Hi all.
Like a lot of people that have had a connection to EA I am appalled by the close connection between the FTX scandal and EA. But not surprised.
The EA community events I attended totally killed my passion for EA. I attended an EA global conference in London and left feeling really really sad. Before the conference I was told I was not important enough or not worth the time to get career advice. One person I'd met before at local EA events made it clear that he didn't want to waste time talking to me (this was in the guide btw to make it clear if you don't think someone is worth your time). Well it certainly made me unconfident and uncomfortable to approach anyone else. I found the whole thing miserable. Everyone went out to take photo for the conference and I didn't bother. I don't want to be part of a community that I didn't feel happy in.

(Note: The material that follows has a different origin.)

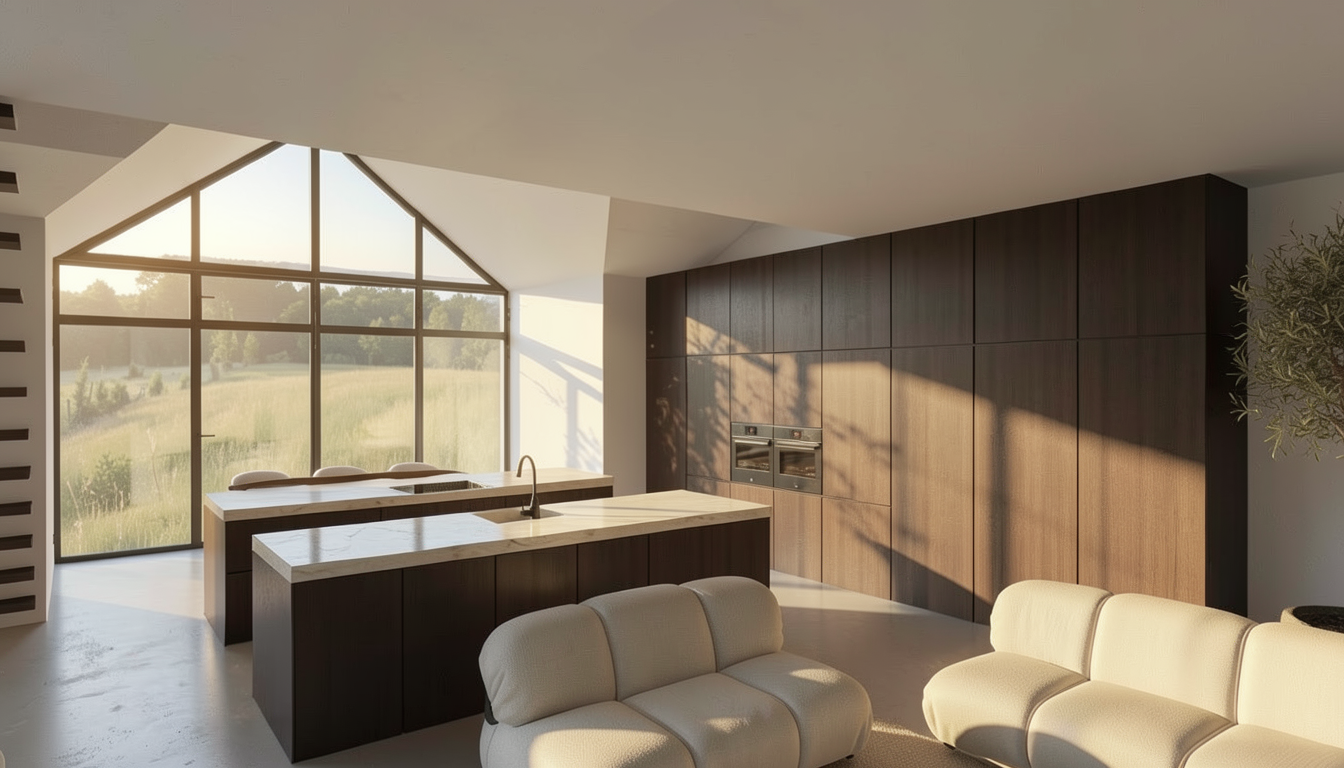 use the uploaded render as the exact base image maintain the original camera angle lens length perspective framing composition and spatial proportions exactly as shown do not alter architectural elements wall locations ceiling details millwork flooring layout window placement or built ins preserve all existing materials finishes textures paint colors tile stone wood tones and lighting design exactly as they appear maintain the same daylight direction shadow quality exposure and overall color temperature keep all furniture decor styling and layout exactly the same unless explicitly instructed otherwise do not reinterpret the design restyle the space modernize it or adjust proportions only modify the specific items that will be listed in the next prompt the goal is to enhance realism and material fidelity while preserving the original design intent 1 1 output should be ultra photorealistic with natural material depth accurate reflections realistic fabric texture subtle imperfections and true to life lighting update the pendant to look more like a cream mesh with fine ribbing detail from top to bottom

On a less personal level, I overheard some unpleasant conversations about how EA should only be reserved for the intellectual elite (whatever the fuck that is) and how diversity didn't really matter. How they were annoyed that women got talks just for being women.
Honestly, the whole place just reeked of hubris - everyone was so sure they were right, people had no interest in you as a person. I have never experienced more unfriendly, self-important, uncompassionate people in my life (I am 31 now). It was of course the last time I was ever involved with anything EA related.
Maybe you read this and can dismiss it with yeah but issues are too important to waste time with petty small talk or showing interest in others. Or your subjective experience doesn't matter. Or we talk about rationality and complex ideas here , not personal opinions.
But that is the whole point I'm trying to make. When you take away the human element, when you're so focused on grandiose ideas and certain of your perfect rationality, you end up dismissing the fast thinking necessary to make good ethical decisions. Anyone that values human kindness would run a mile from someone that doesn't have the respect to listen to someone talking to them and makes clear that their video game is valued above that person. Similarly to the long history of Musk's contempt for ordinary people.
EA just seems so focused on being ethical that it forgot how to be nice. In my opinion, a new more inclusive organisation with a focus on making a positive impact needs to be created - with a better name.
Hi James, thanks for sharing this. As others have said, it is a difficult thing to do. I'm actually weirdly looking forward to the EA criticisms that will come out of this FTX business. You often hear of the abstract need for criticism and "red-teaming" but not much about the actual criticisms.
I think your story chimes with a bigger difficulty in the EA movement : how small-scale effectiveness measures (ie not talking to junior EAs) end up stymying the movement on a larger scale (being unfriendly and putting people off).
I'm also worried about whether a utilitarian movement really can value integrity, friendliness etc. I can see how it might see the value in appearing to have integrity or appearing to value diversity. But if those things get in the way of effectiveness, won't they be covertly canned?
I'm a 30y.o. in London and consider myself fairly friendly. If you want to talk about stuff, get in touch.
I guess the way I see it, the more intellectually solid a movement is, the more effort it is to produce a solid criticism. So if a movement is intellectually solid, a lot of the criticism on social media will end up being very bad b/c social media pushes towards lower effort than other formats such as the EA forum.
(Another way of putting this: If you're going to go to all the effort of making a proper critique, why post it on fb vs the EA forum where you'll geet deeper engagement?).